● Problem to work on: The answer must consist only of the lines in the records below from the line with "2024 წლის მონაცემებით, განხილული" to the line with "М. Дулатұлы атындағы", both included, copied word for word with every picture left out.

● The input:
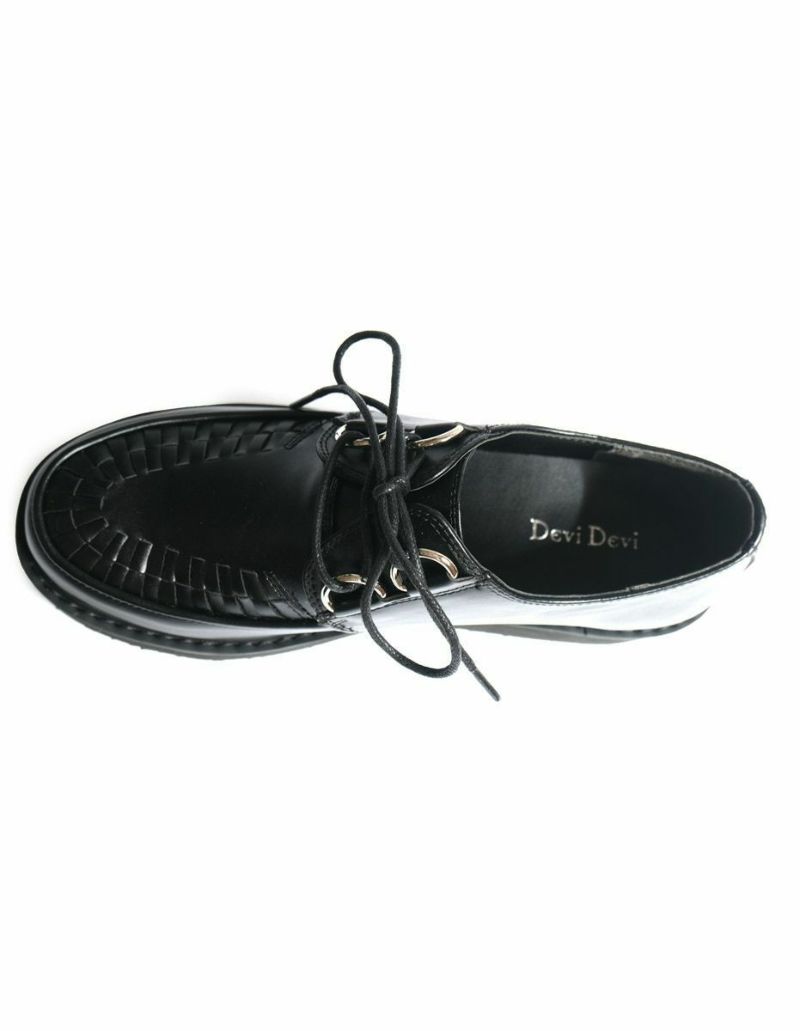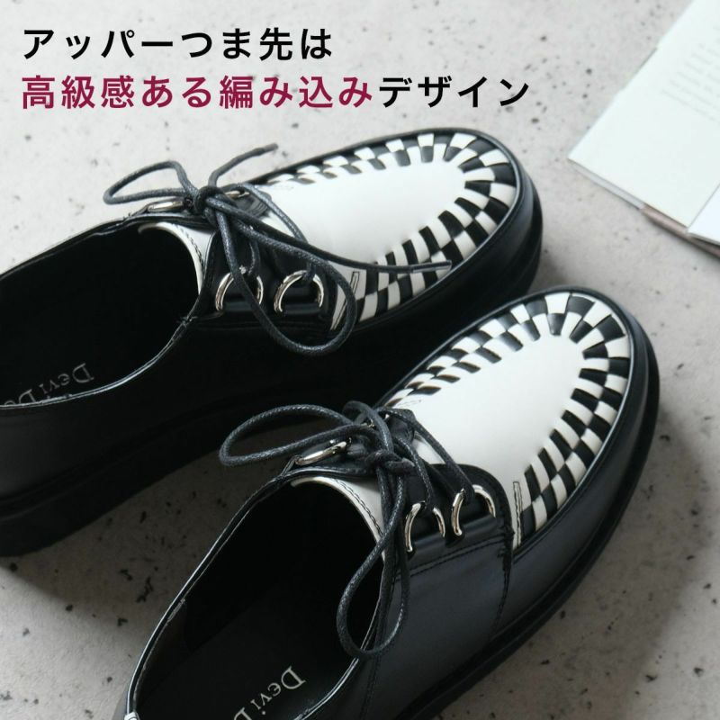 アッパーは高級感のある編み込みデザインで足元アクセントに!
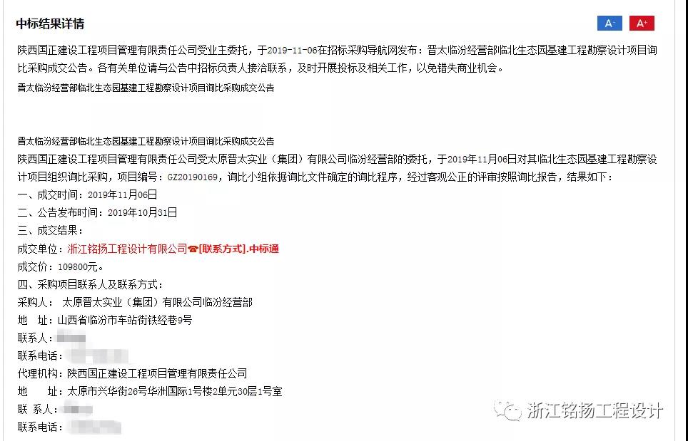 中標陜西省臨汾市晉太經營部臨北生態園基建工程勘察設計項目。中標價:
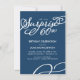 This modern and elegant 4.5'" x 6.25" surprise 60th birthday party invitation features the words "surprise 60th" in white script font with a matching swirling design in the bottom right corner. Customise this trendy invite with the name and party info and any background colour of your choice.
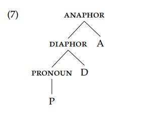 The structure of the anaphor contains that of the diaphor, which in turn contains that of the pronoun. There is a sense in which the structural complexity reflects the degree of restrictedness of the interpretation. At the most basic level of the P we find whatever interpetive information is common to all nominal pro-forms. The D head that builds diaphors adds a restriction that this element must be bound by an antecedent, and the A head adds an additional restriction that this antecedent be local. Coupled again with suitable assumptions about spell-out, this structure can be used to capture the constraints on possible syncretisms that Middleton observes.
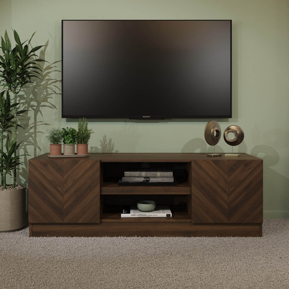 The GFW Catania Royal Walnut TV Unit makes for a stunning addition to any modern home! The sleek, herringbone inspired wood-grain finish of the Catania range is expertly crafted and can be seen on the two doors of this TV cabinet, providing a touch of simple elegance to your living space. It features two horizontal open storage spaces in the middle of the two doors, providing ample storage for your games consoles, set-top boxes or stereos. Bring the enjoyment of a cinema and a games room into your home with the Catania TV cabinet.
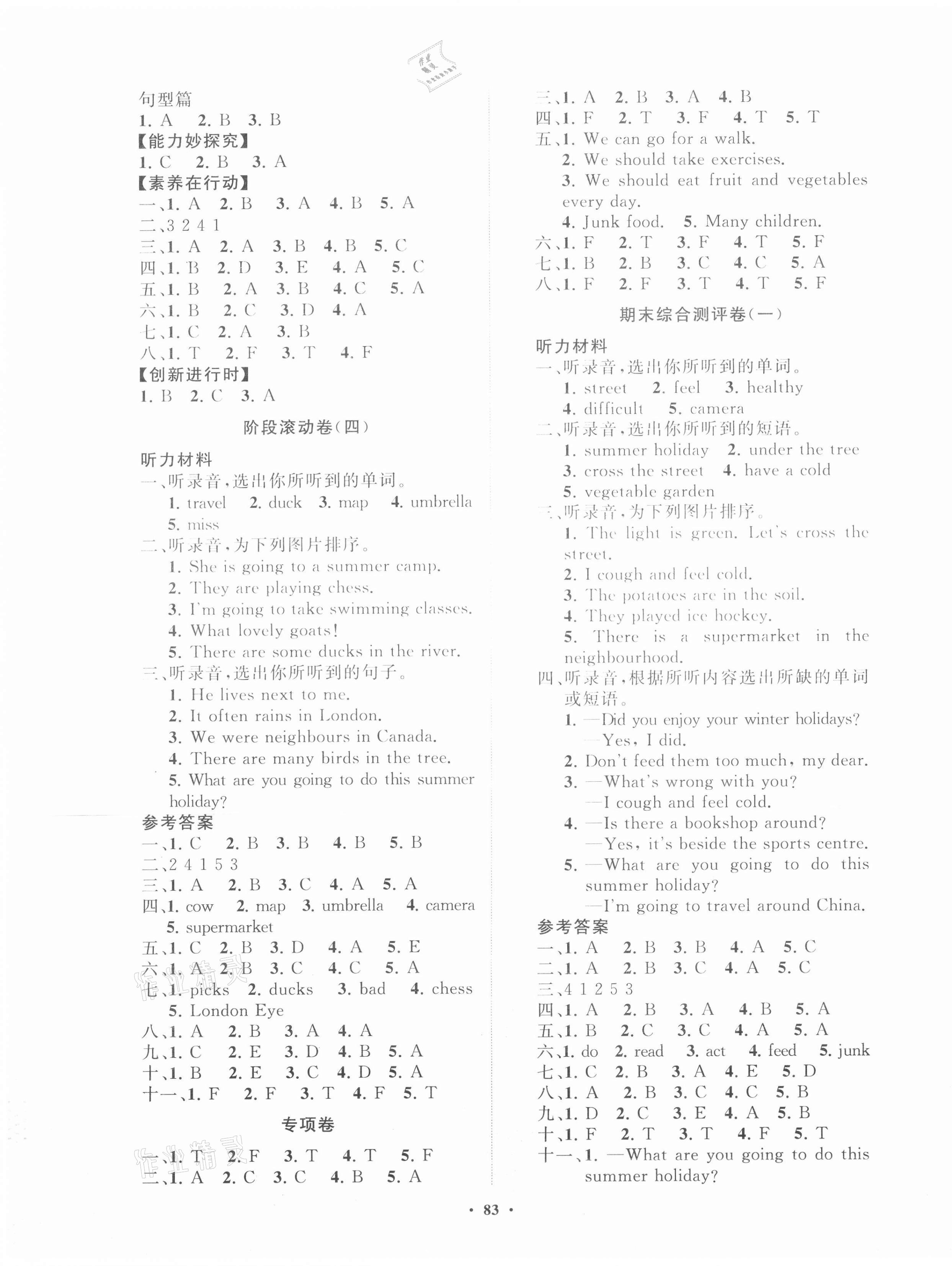 注:目前有些书本章节名称可能整理的还不是很完善,但都是按照顺序排列的,请同学们按照顺序仔细查找。练习册 2021年小学同步练习册分层卷五年级英语下册鲁科版54制 答案主要是用来给同学们做完题方便对答案用的,请勿直接抄袭。
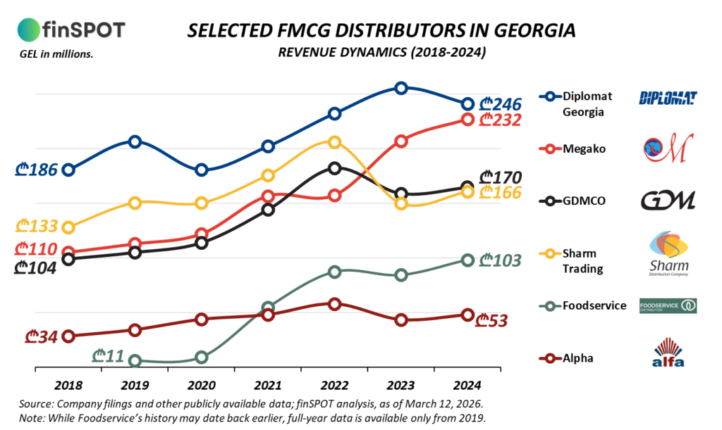 2024 წლის მონაცემებით, განხილული ექვსი კომპანიის შემოსავლები ₾53 მილიონიდან ₾246 მილიონამდე მერყეობს. თითოეული მათგანის შემოსავლების ძირითად ნაწილს FMCG პროდუქციის რეალიზაცია წარმოადგენს.
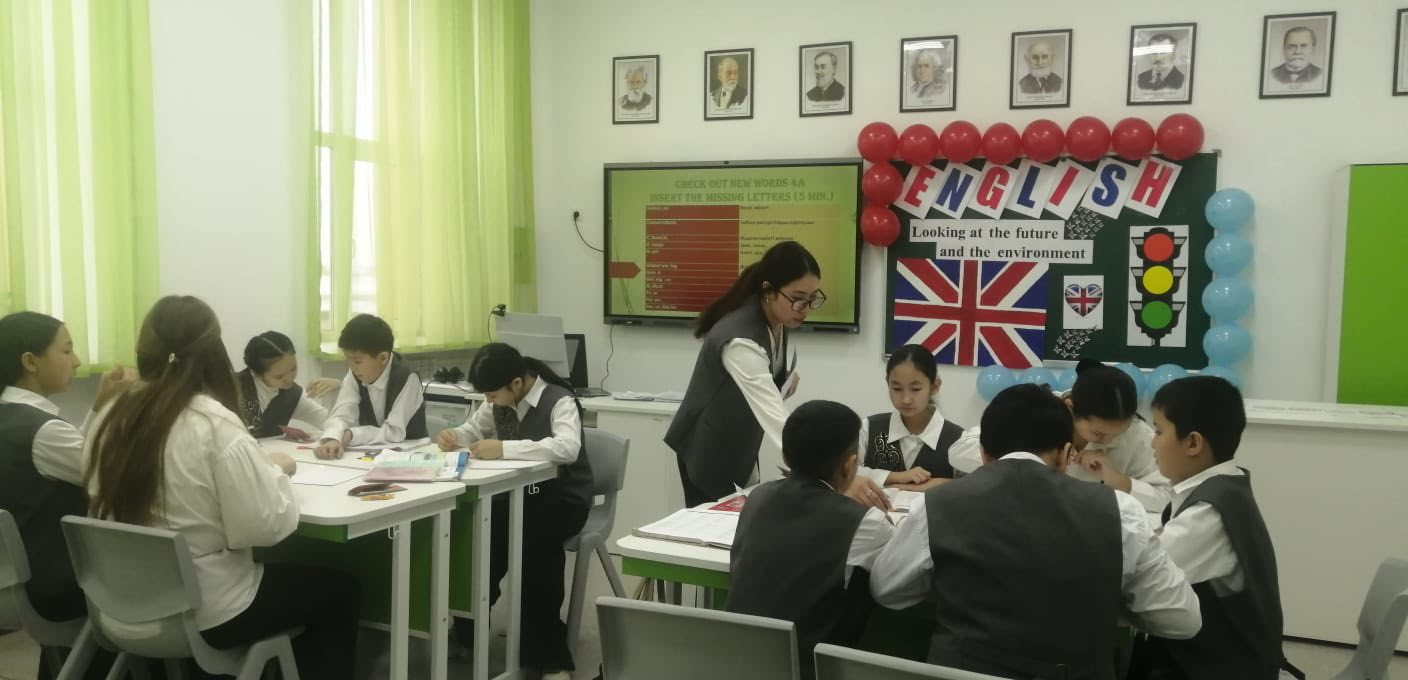 М. Дулатұлы атындағы ЖББ мектебінде "Жыл мұғалімі" байқауы аясында ағылшын тілі пәнінің мұғалімі Амантай Н. 7-сыныпта "Looking at the feature and the environment" тақырыбында ашы…
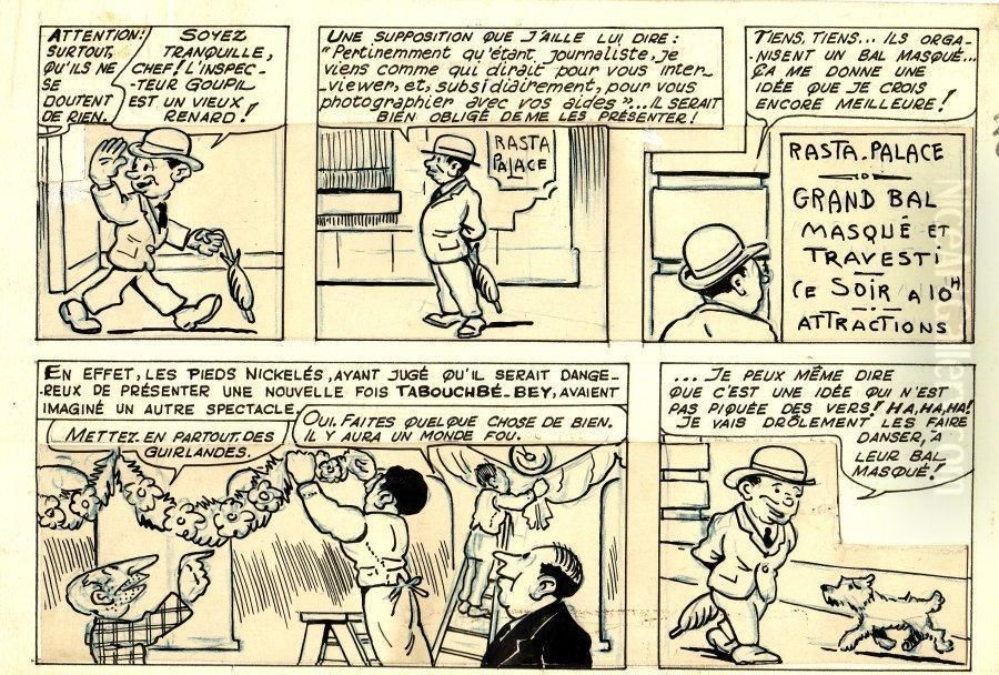 For decorating spaces, framed prints of "Les Pieds Nickelés" panels would inject playful energy into creative offices or eclectic living rooms. Ideal for mid-century modern or industrial interiors, the black-and-white ink drawings would pop against exposed brick or deep-hued walls (try navy or olive green). Cluster three smaller panels (approximately 12x16 inches) asymmetrically above a velvet sofa for graphic contrast, or opt for a large-scale single image (24x36 inches) as a statement piece in a home office paired with vintage wooden shelves. Complement the monochrome artwork with mustard yellow or Bordeaux red accents—think throw pillows or ceramic vases—to echo the comic’s retro Parisian vibe. Avoid overly formal settings; this is best suited to spaces celebrating humor and nostalgia.
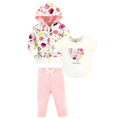 Touched by Nature organic cotton hoodie, bodysuit or tee top and pant is a great outfit for your little one. Made with 100% organic cotton, our layette set is optimal for wearing at home or as outer wear. Touched by Nature Baby and Toddler Girl Organic Cotton Hoodie, Bodysuit or Tee Top, and Pant, Botanical Toddler is a great baby and toddler essentials set for your little one.
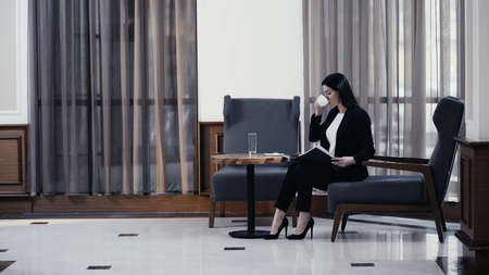 Businesswoman looking at paper folder with documents and drinking coffee in restaurant

● Reply:
 2024 წლის მონაცემებით, განხილული ექვსი კომპანიის შემოსავლები ₾53 მილიონიდან ₾246 მილიონამდე მერყეობს. თითოეული მათგანის შემოსავლების ძირითად ნაწილს FMCG პროდუქციის რეალიზაცია წარმოადგენს.
 М. Дулатұлы атындағы ЖББ мектебінде "Жыл мұғалімі" байқауы аясында ағылшын тілі пәнінің мұғалімі Амантай Н. 7-сыныпта "Looking at the feature and the environment" тақырыбында ашы…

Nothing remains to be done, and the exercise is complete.